### Available data

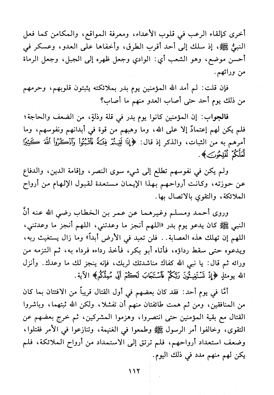 وروى أحمد ومسلم وغيرهما عن عمر بن الخطاب رضي الله عنه أنَّ النبي - صلى الله عليه وسلم - كان يدعو يوم بدر "اللهم أنجز ما وعدتني، اللهم أنجز ما وعدتني، اللهم إن تهلك هذه العصابة .. فلن تعبد في الأرض أبدًا" وما زال يستغيث ربه، ويدعوه حتى سقط رداؤه، فأتاه أبو بكر، فأخذ رداءه فرداه به، ثم التزمه من ورائه ثم قال: يا نبي الله كفاك مناشدتك لربك، فإنه ينجز لك ما وعدك. وأنزل الله يومئذٍ {إِذْ تَسْتَغِيثُونَ رَبَّكُمْ فَاسْتَجَابَ لَكُمْ أَنِّي مُمِدُّكُمْ} الآية.
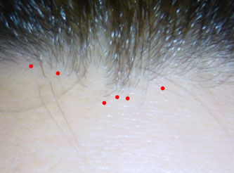 Denkst Du, dass da neue Haare wachsen? Wie soll man das erkennen, wenn Du es mit roten Punkten übermalst?
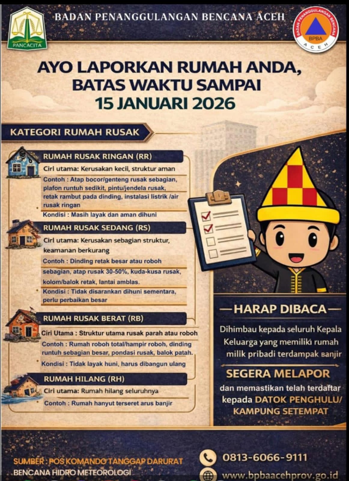 LIPUTANGAMPONGNEWS.ID -Badan Penanggulangan Bencana Aceh (BPBA) mengimbau seluruh masyarakat yang rumahnya terdampak bencana hidrometeorologi untuk segera melaporkan kondisi hunian mereka. Imbauan
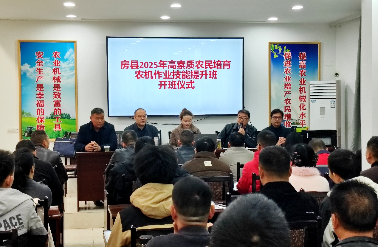 房县新闻网讯 通讯员 朱宏伟报道: 为进一步加快培养现代新型农民,助力乡村振兴,10月20日,我县2025年度高素质农民培育农机作业技能提升班在富民农机驾驶学校正式开班,来自全县50名从事农业生产、经营服务的农机作业人员参加培训。
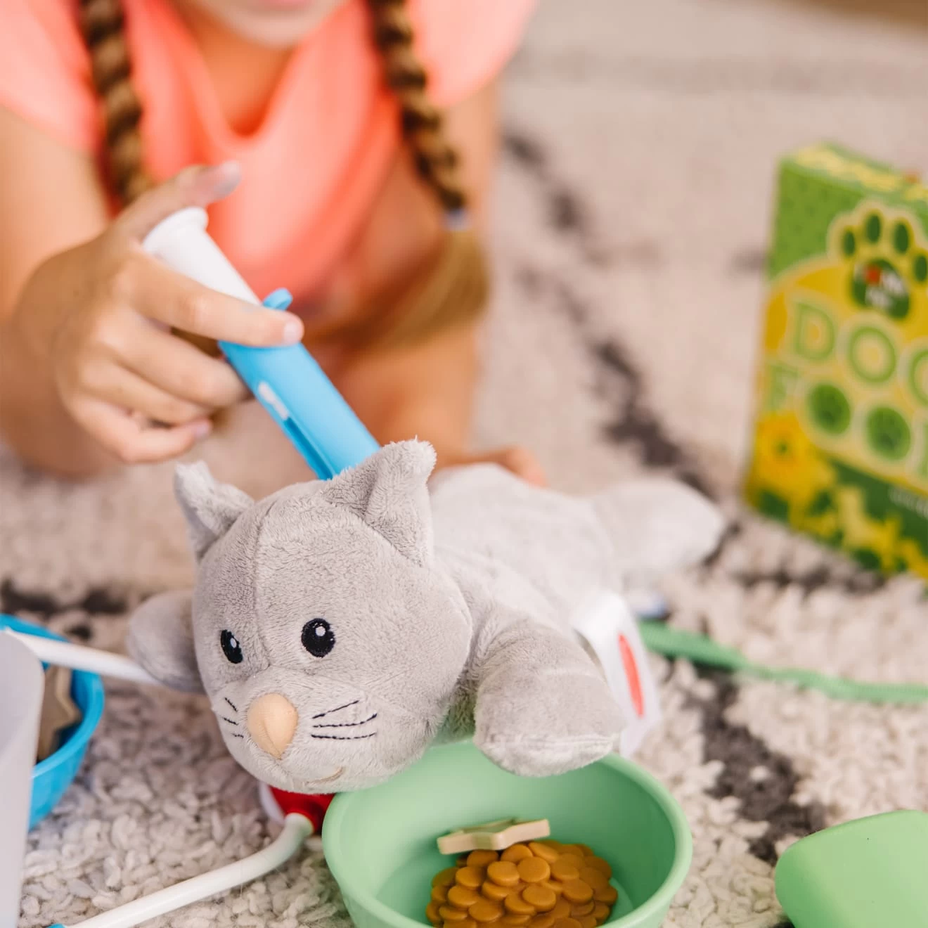 Give young animal lovers everything they need to examine, treat, feed, and pamper pretend plush pets! The 32-piece collection for aspiring veterinarians and groomers three and older comes with two adorable plush pets (a dog and a cat), and accessories galore, including vet supplies like a stethoscope, thermometer, syringe, bandages, a cast for boo-boos, and even a neck cone! Grooming supplies include vibrating trimming shears, pretend shampoo, and brush. Reward plush pets with treats, play food, and more. Keep track of appointments on the reusable activity card and personalize collars and tags with stickers. All the supplies store in a handy tote bag for speedy cleanup and to take fun on the go!
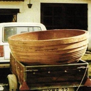 The segments with densely populated areas posed the next problems. Before firing them, a sufficient quantity of enamel had to be applied to the backsides of the segments with closely positioned name plates. Whether the estimate was more or less right or was completely wrong could be ascertained - joyfully or with horror - only after the fired segments had cooled off and a curvometer could be applied to them (the radius had to still be 0.64 m!). It was necessary to position the curvometer crosswise because the curvature had to be correct in every direction. Very, very often that was not the case. Then there was no alternative to crunching corrective re-shaping using the screw press, grinding away or thickening the backing enamel, and then firing them again.

### Task objective
Give the lines again exactly, beginning with the first line of the records above and ending with the line that contains "LIPUTANGAMPONGNEWS.ID -Badan Penanggulangan", and include no pictures.

### Expected answer
 وروى أحمد ومسلم وغيرهما عن عمر بن الخطاب رضي الله عنه أنَّ النبي - صلى الله عليه وسلم - كان يدعو يوم بدر "اللهم أنجز ما وعدتني، اللهم أنجز ما وعدتني، اللهم إن تهلك هذه العصابة .. فلن تعبد في الأرض أبدًا" وما زال يستغيث ربه، ويدعوه حتى سقط رداؤه، فأتاه أبو بكر، فأخذ رداءه فرداه به، ثم التزمه من ورائه ثم قال: يا نبي الله كفاك مناشدتك لربك، فإنه ينجز لك ما وعدك. وأنزل الله يومئذٍ {إِذْ تَسْتَغِيثُونَ رَبَّكُمْ فَاسْتَجَابَ لَكُمْ أَنِّي مُمِدُّكُمْ} الآية.
 Denkst Du, dass da neue Haare wachsen? Wie soll man das erkennen, wenn Du es mit roten Punkten übermalst?
 LIPUTANGAMPONGNEWS.ID -Badan Penanggulangan Bencana Aceh (BPBA) mengimbau seluruh masyarakat yang rumahnya terdampak bencana hidrometeorologi untuk segera melaporkan kondisi hunian mereka. Imbauan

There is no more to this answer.